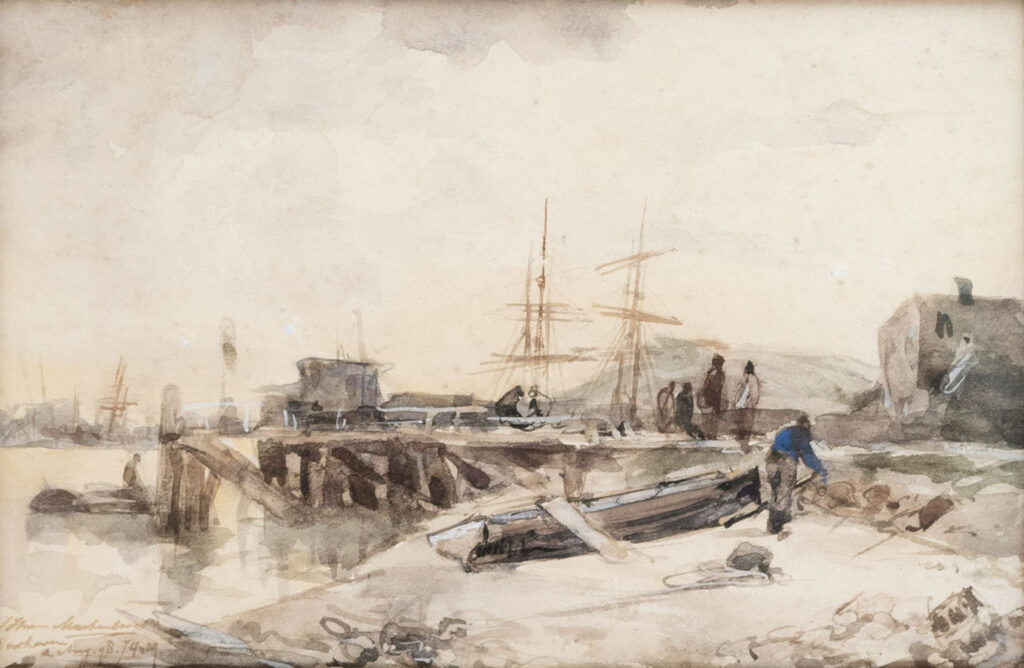 J.H. van Mastenbroek (1875 – Rotterdam – 1945), sepia en aquarel, 15 x 23 cm, gesigneerd linksonder met annotatie Newhaven aug ’98 en monogram VERKOCHT
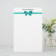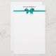 Elegant Teal Satin Bow on White Stationery
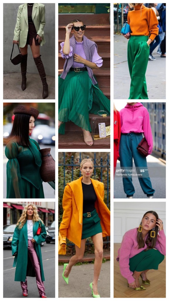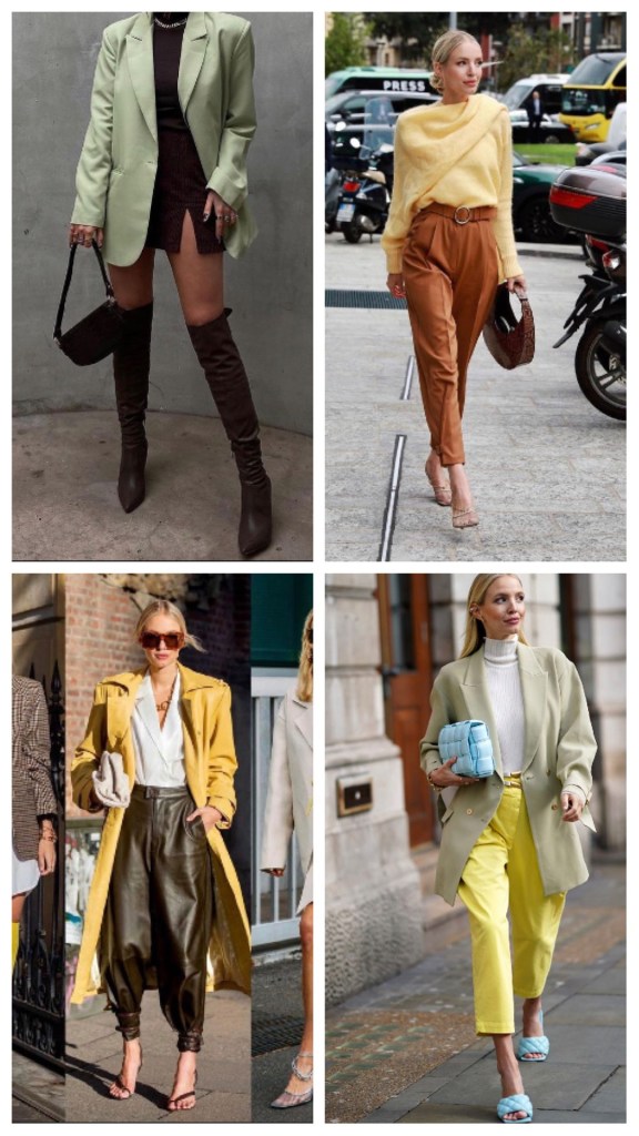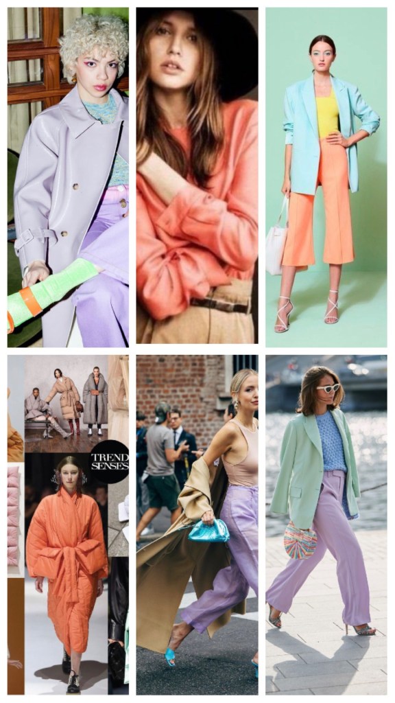 Per dimostrarvi quello di cui sto parlando ho pensato di raggruppare i colori che vediamo più indossati in questo momento è darvi un’idea di come poterli mettere assieme ed accostare Ad altre tonalità.

━━━━━━━━━━━━━━━━━━━━━━━━━━━━━━

What you are asked to do: All of the listing above has to be reproduced exactly, though without its images.

Response:
 J.H. van Mastenbroek (1875 – Rotterdam – 1945), sepia en aquarel, 15 x 23 cm, gesigneerd linksonder met annotatie Newhaven aug ’98 en monogram VERKOCHT
 Elegant Teal Satin Bow on White Stationery
 Per dimostrarvi quello di cui sto parlando ho pensato di raggruppare i colori che vediamo più indossati in questo momento è darvi un’idea di come poterli mettere assieme ed accostare Ad altre tonalità.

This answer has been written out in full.